Both canceled shelters fall under the specialized category known as safe havens or stable hotels, which offer more privacy and social services and are less restrictive than traditional shelters. system. Mr. Adams announced plans last week to open at least 900 rooms in such shelters by mid-2023.

The city’s Department of Homeless Services, which has previously said that the large number of homeless people in the neighborhood make it an important site for adding temporary capacity, said on Thursday. Two that they will open a facility in an area with fewer homeless services. .

“Our goal is to consistently work with communities to understand their needs and equitably distribute shelters across all five counties to serve vulnerable New Yorkers,” the department said in a statement. our most vulnerable.”

This is also the reason that the city gave last week before the announcement it won’t open another Chinatown shelterat 47 Madison Street.

But uncertainty about which union workers will staff shelters could also play a role in sheltering cancellations.

Housing Works CEO Charles King said the organization was required to employ workers from the Retail, Wholesale and Department Stores Union, which represents Housing Works employees.

But New York’s powerful Hospitality and Gaming Council, which has close ties to the mayor and is better known as the Hotel Board, says it has a current contract. with the building’s owner, a former Best Western hotel, asking the building to employ its own workers.

“There is only one contract for this building, and that is ours,” said Rich Maroko, chairman of the Hospitality Trade Council.

Mr.
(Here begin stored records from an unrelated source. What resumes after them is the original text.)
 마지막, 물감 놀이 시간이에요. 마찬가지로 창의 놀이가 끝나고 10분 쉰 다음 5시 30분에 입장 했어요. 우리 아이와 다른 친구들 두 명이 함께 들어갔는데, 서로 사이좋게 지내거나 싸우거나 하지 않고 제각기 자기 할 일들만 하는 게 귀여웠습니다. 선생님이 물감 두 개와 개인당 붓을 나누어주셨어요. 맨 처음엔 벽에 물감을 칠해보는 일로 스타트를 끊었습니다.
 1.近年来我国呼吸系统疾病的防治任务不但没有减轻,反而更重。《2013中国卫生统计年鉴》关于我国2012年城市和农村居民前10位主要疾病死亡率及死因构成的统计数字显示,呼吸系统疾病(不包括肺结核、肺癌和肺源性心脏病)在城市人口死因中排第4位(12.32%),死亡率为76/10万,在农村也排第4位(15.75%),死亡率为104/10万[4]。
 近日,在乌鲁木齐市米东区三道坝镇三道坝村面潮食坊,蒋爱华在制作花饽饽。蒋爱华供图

King said Housing Works had proposed a compromise whereby the building’s owner would hire eight Hospitality Trade Council staff. But he said Gary Jenkins, the city commissioner for social services who oversees the Department of Homeless Services, told him the city is pulling its peg on shelters at the insistence of the Board of Trade. Hotel.

“It’s been really clear to me that the mayor is more interested in pleasing this one union than addressing the needs of the homeless,” Mr King said.
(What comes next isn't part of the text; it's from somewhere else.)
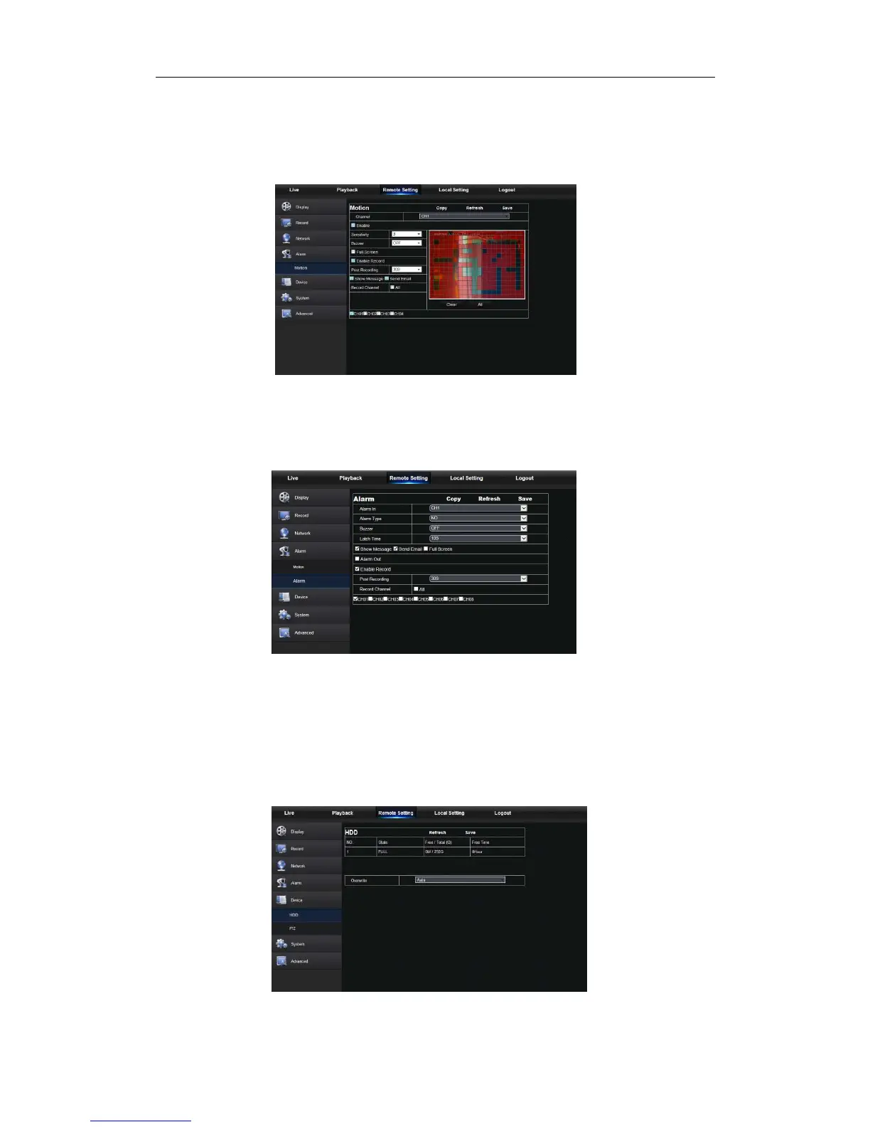 1. Motion Detection: Configure Sensitivity, Alarm out, Alarm Record and Alarm Capture,
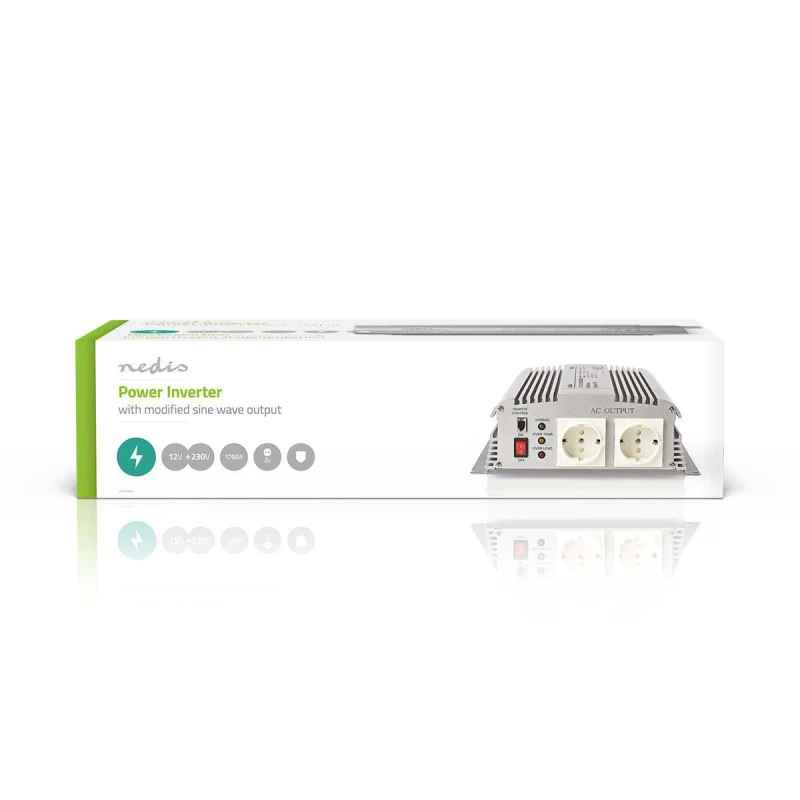 Väljundpinge ei ole sinusoidne vaid nelinurkne! Sobib kasutamiseks enamikele seadmetele toitepingega 230VAC. Inverter on tavaliselt valmistatud alumiiniumkorpusega, et tagada vastupidavus ja soojuse hajutamine. See sisaldab kruviklemme sisendühenduste jaoks ja sellel võib olla ECE R10 kinnitus, mis näitab vastavust autotööstuse elektromagnetilise ühilduvuse standarditele.

The Department of Homeless Services did not respond to a request for comment on Mr. King’s assertion. Mr. Maroko said the hotel union had urged City Hall not to make the move.

RWDSU, which is negotiating the controversial contract with Housing Works, for its part, said: “We do not want to transfer hotel workers or see this hotel converted.”

During the 2021 mayoral campaign, the hotel union, which has nearly 40,000 members, gave Mr. Adams his first major labor endorsement.

Susan Lee, founder of the Coalition for Community Improvement and Conservation, a Chinatown group that campaigns for anti-shelter protests, applauded the city for “listening to the concerns of the Neighborhood community Ship”.

She said she hopes the hotel will reopen as a tourist hotel and help the neighborhood recover from the pandemic.

Dana Rubinstein contribution report.